Distance, Receptivity and Cost

I also found that the distances Forgan & Nichol give, which are taken from the Leob & Zaldarriaga paper, although portrayed as discouraging for detecting leakage from ETI, are in fact overly optimistic for conventional TV and radar. Their work assumes that receivers are going to be integrating over hours-days-months. That doesn’t work when the TV station you are observing is transmitting in your direction only for a time typically ~hour, before it disappears around the limb of the Earth, as shown by Sullivan in his seminal paper. There is also a confusion in both papers over the distinction between transmitter power and EIRP. Forgan & Nichol misunderstand the EIRP quantity, saying on their page 1 that radars produce ‘isotropic radiation with billons of watts’. Although EIRP, the product of radiated power and the antenna gain, is that high, the radiated power is of order megawatts, since the gain is ~1000. The problem of observing leakage due to TV stations is identical to that of detecting a single strong station, as shown by Sullivan, so their estimates of detectability of leakage in these papers are systematically high.

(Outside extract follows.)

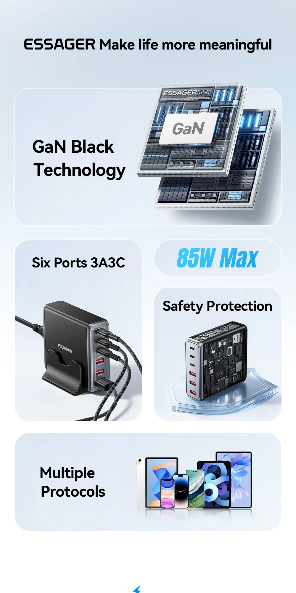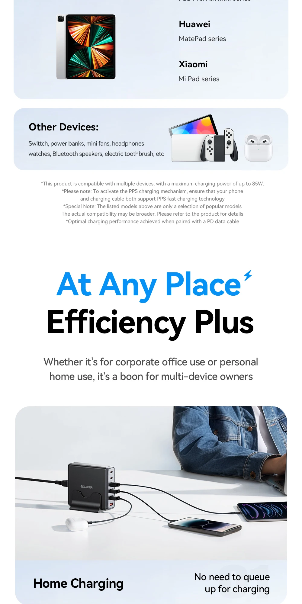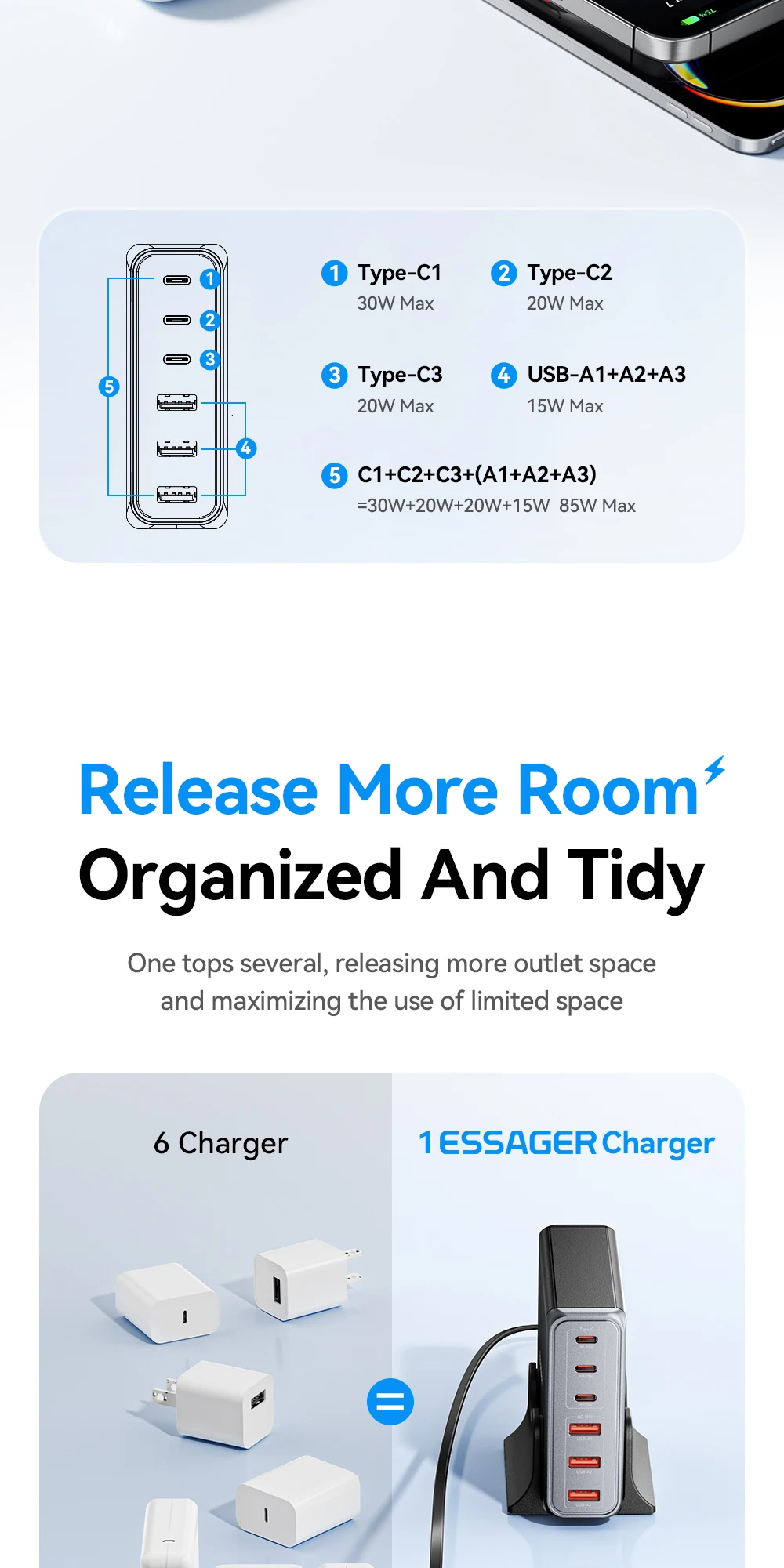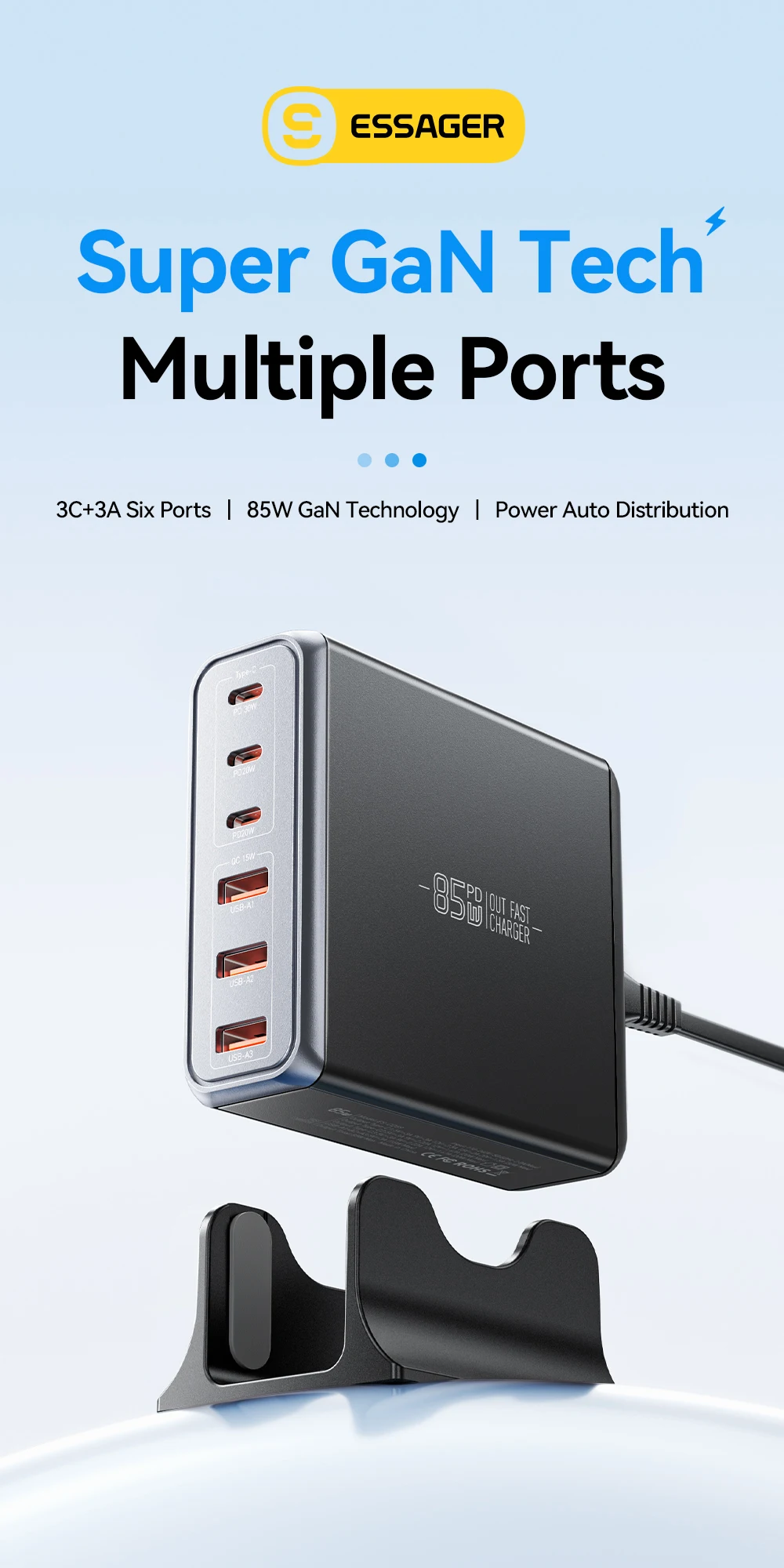 One Charger for Every Device Why carry five chargers when one does it all? With a massive 85W output and six versatile ports (3 USB-C and 3 USB-A), this station intelligently distributes power to laptops, smartphones, tablets, and accessories simultaneously. Whether you are powering a workstation or charging family devices, it handles the load with efficiency and speed.

One important implication of this is that the case made by advocates of sending messages to the stars (METI), who argue the ‘we’ve already announced ourselves’ is wrong. We have not been noticed at interstellar range by societies of our order of magnitude of technical and economic capability. One might argue that aliens will be far richer, so will have vastly larger antennas. But if so, why are they not radiating at oxygen-obvious planets like ours?

Michael Simmons, who suggests a phased array radiating rapidly cycling, short, high-powered transmissions directed at millions of nearby stars, might look at my cost equations to estimate what the expense will be (see “Messaging with Cost Optimized Interstellar Beacons,” referenced below). Hint: they won’t be cheap.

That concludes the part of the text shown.